Thursday, July 22, 2010

Robin Hood in reverse

In the recent Budget, Overseas Aid was one budget that was left uncut. However you may be staggered to know that more money leaves poor countries than they receive in aid, investment or debt cancellation. The techie term is ‘illicit capital flight’ and the numbers are staggering. The European Network on Debt and Development puts the figure between $500 and $800 billion a year – one dollar from us to them, seven dollars back.

It leaves governments of poor countries without the means to pay for basic services, like clean water, primary schools and basic healthcare. Money also leaves poor countries through corruption and criminal activity - that probably accounts for about 40%.

But it’s the rest – the 60% of money flowing out of poor countries illicitly via tax dodging by unscrupulous businesses operating internationally.

Multinational companies are really good at finding new ways to make money – that's what they are there for. But some go to unethical, even illegal, lengths.

By reporting just a fraction of the profits they make in poorer countries, and hiding the true amounts offshore, these unscrupulous businesses reduce their tax bills – and cost the developing world billions.

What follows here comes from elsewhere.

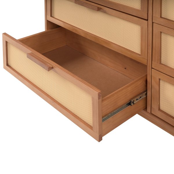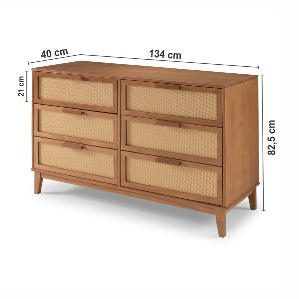 Uma peça robusta, com grande capacidade de armazenamento e acabamento de fácil manutenção, pensada para ambientes que precisam de funcionalidade sem abrir mão do estilo. A estrutura em madeira maciça garante durabilidade e resistência, enquanto as frentes das gavetas em palhinha natural adicionam textura e personalidade, sem pesar no visual. O acabamento em verniz caramelo traz um tom acolhedor e atemporal, que combina com sala, closet, quarto adulto ou infantil — de forma orgânica e elegante.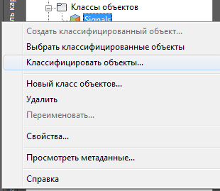 Правой кнопкой щелкните класс объектов "Сигналы" на вкладке "Обозреватель карт"панели задач и выберите команду "Классифицировать объекты".

However, the cloak of silence under which so many corporations are able to operate means billions of dollars leave developing countries without anyone noticing.

Some of the world’s largest and richest corporations are investing in some of the world’s poorest countries, reaping the benefits of world high prices in commodities, cheaper labour and access to raw materials. And yet poor countries aren’t sharing in the wealth and profits generated by these companies.

In just one form of tax dodging – trade mispricing – the Organisation for Economic Cooperation and Development (OECD), whose members are the world’s richest economies, puts the cost to the developing world at at least $100 billion.

To put a stop to tax dodging by unscrupulous multinational companies - there needs to be greater transparency about how much profit, and tax, multinational companies pay in the countries that they operate in. Christian Aid has started a campaign called “Trace the Tax” to raise awareness of the problem.

One way to do increase tax transparency this is to change accountancy laws to make country-by-country tax reporting a legal requirement.   Country-by-country tax reporting would mean that every company has to announce how much profit it makes, and how much tax it pays, in each country that it does business in. It would stop money being taken out of poor countries like Zambia and poured into rich tax havens such as Switzerland.

Greater transparency of companies’ tax payments will give poor country governments the ability to ensure companies pay what they owe. It will help them clamp down tax dodging. And greater tax revenue will mean more money to spend on basic services that will transform and even save people’s lives. There is:

Enough to reach the UN millennium development goals several times over.
Enough to save the lives of 350,000 children aged five or under every year.
Almost twice the amount poor countries receive in international aid.

Please add this campaign to your prayers.